Input data =>
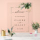 Ce panneau d'accueil mariage présente une aquarelle vert feuillage tropical, des feuilles de palmiers, des feuilles de bananes avec un cadre rectangle vert. Il est parfait pour un mariage tropical, plage, été ou destination.
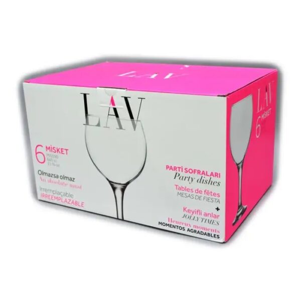 Zestaw sześciu kieliszków typu goblet marki LAV z serii Misket o pojemności 645 ml. Wykonane z trwałego, grubego szkła kieliszki charakteryzują się klasycznym designem, który pasuje do każdego wystroju stołu. Ich idealnie gładka powierzchnia ułatwia utrzymanie czystości. Kieliszki Misket Lav są idealne zarówno do użytku domowego, jak i w profesjonalnych lokalach gastronomicznych.
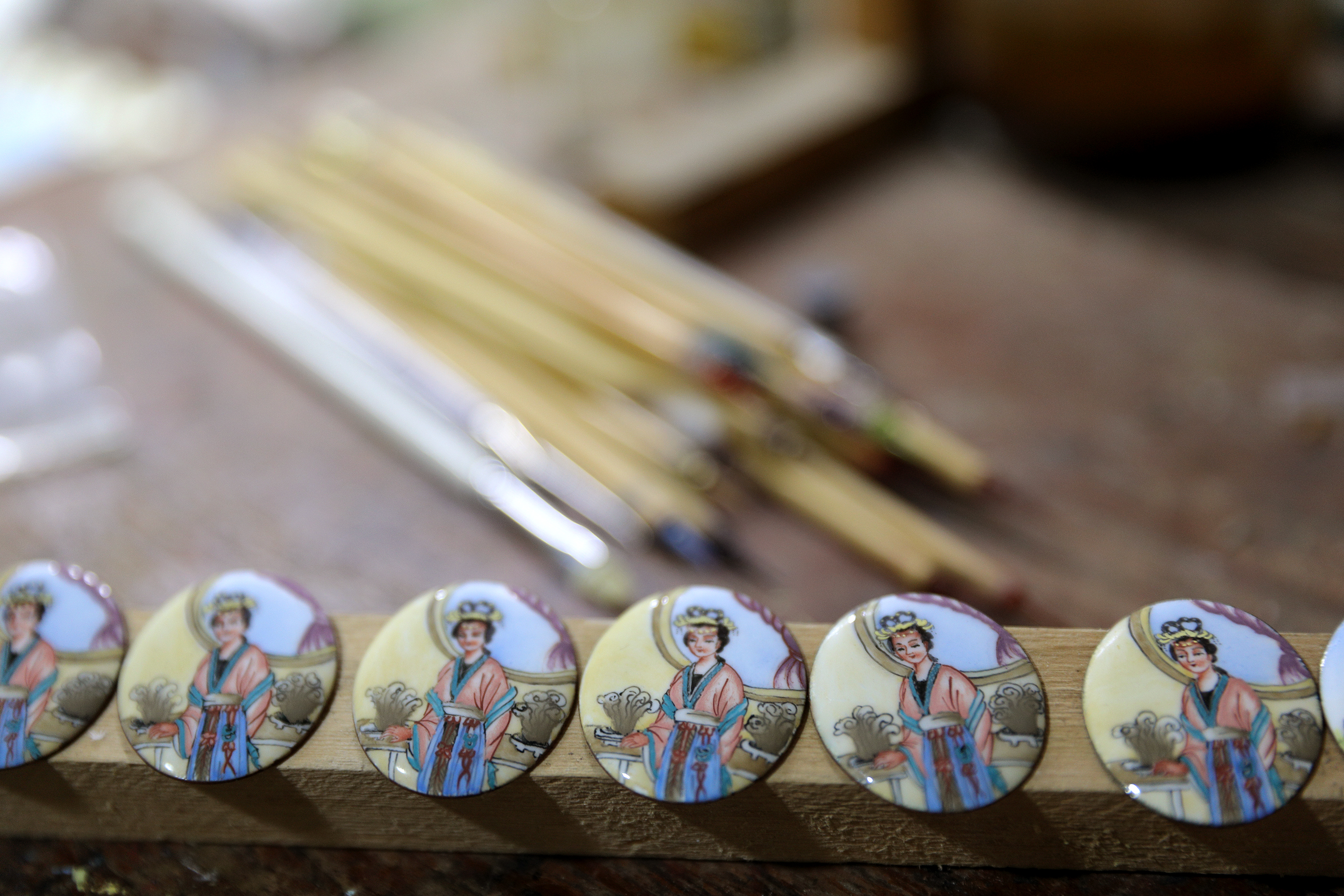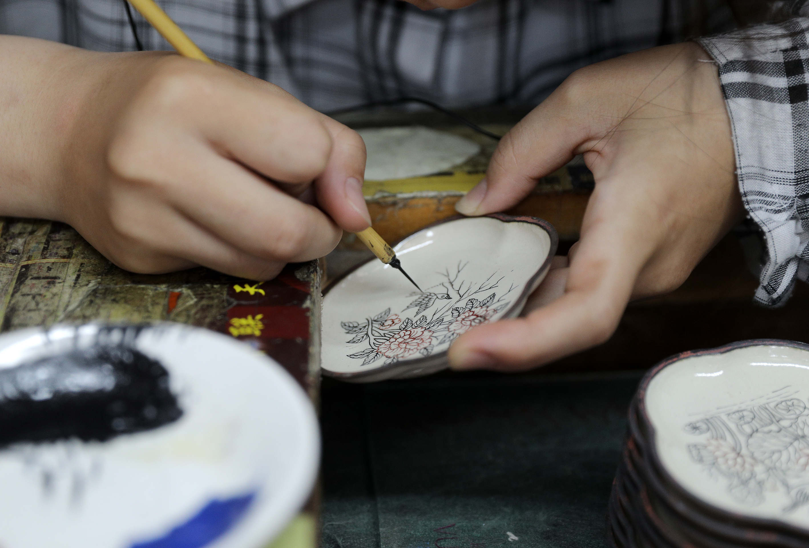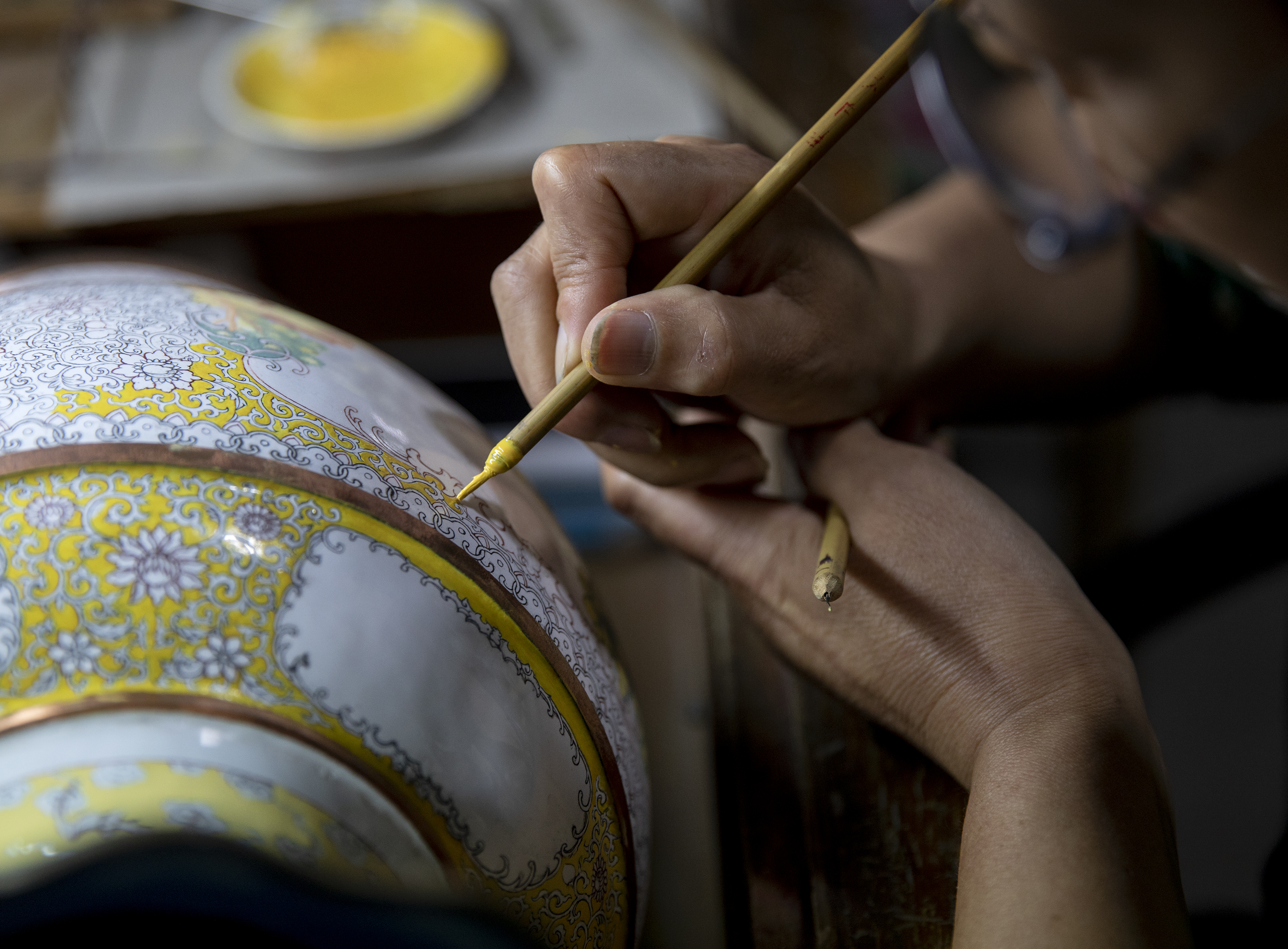 衡水市景县龙华镇铜胎画珐琅手工艺人在对作品进行彩绘。
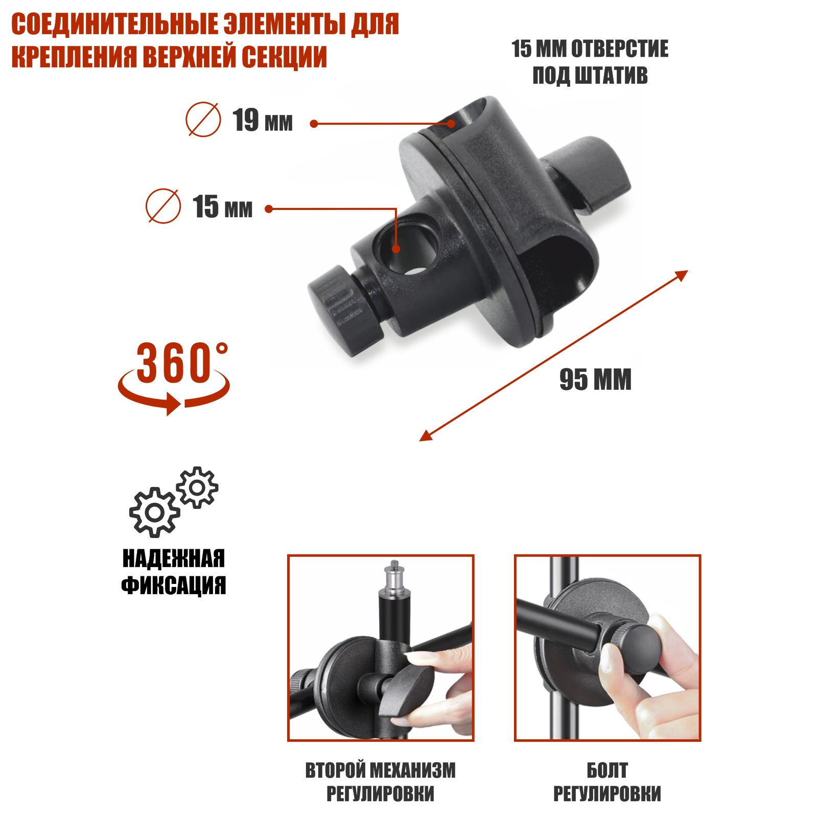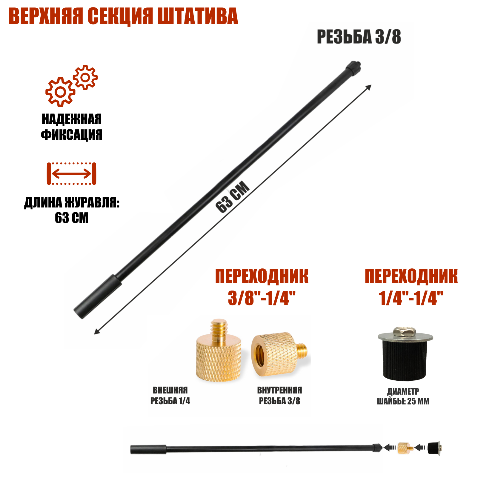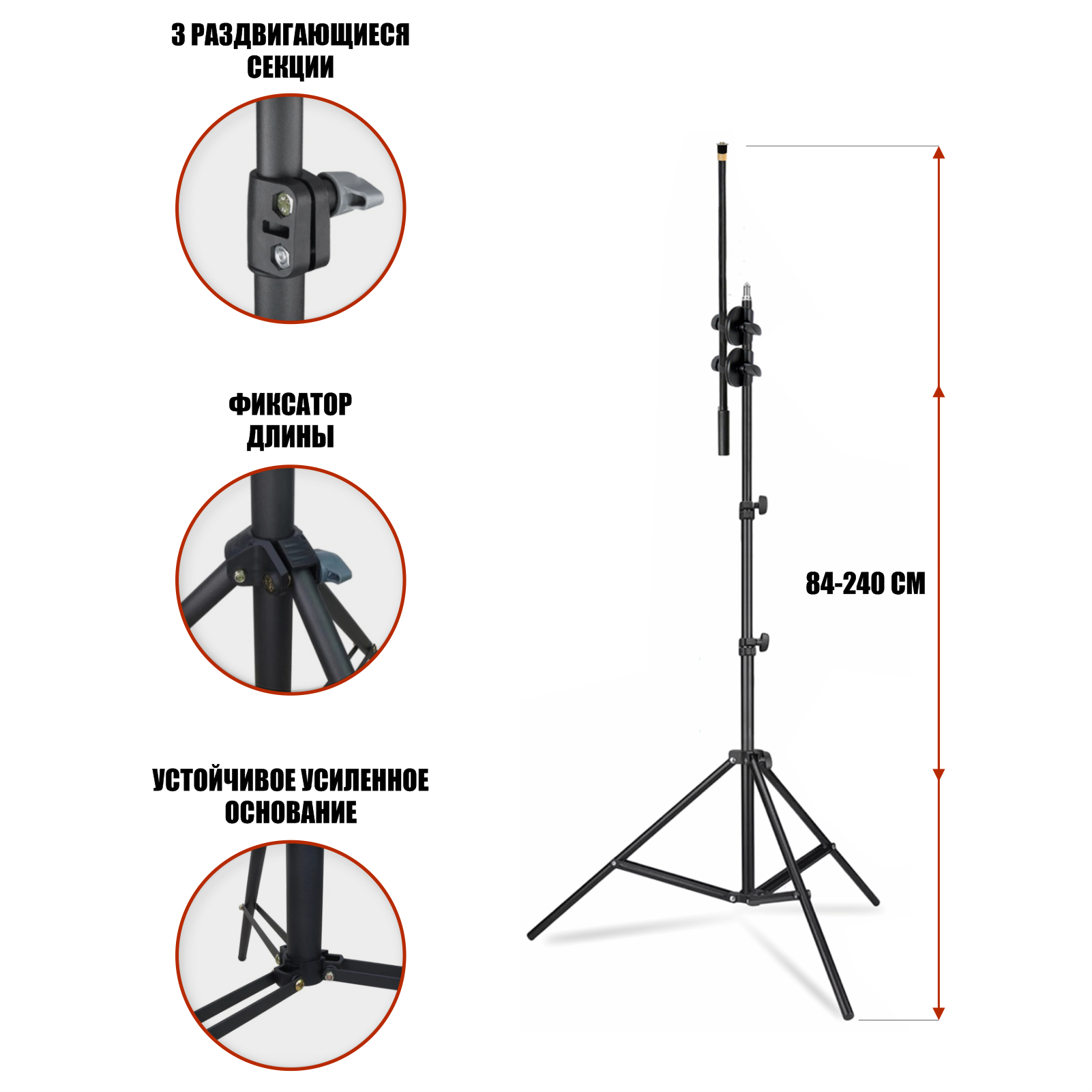 | Дополнительная информация | Блокировка секций штатива осуществляется поворотным фиксатором, обеспечивая быструю установку стойки на необходимую высоту |

Task item => Word for word, reproduce each line from the one with "衡水市景县龙华镇铜胎画珐琅手工艺人在对作品进行彩绘。" through the last line of the material above, both included, and drop the pictures.

Solution to this problem =>
 衡水市景县龙华镇铜胎画珐琅手工艺人在对作品进行彩绘。
 | Дополнительная информация | Блокировка секций штатива осуществляется поворотным фиксатором, обеспечивая быструю установку стойки на необходимую высоту |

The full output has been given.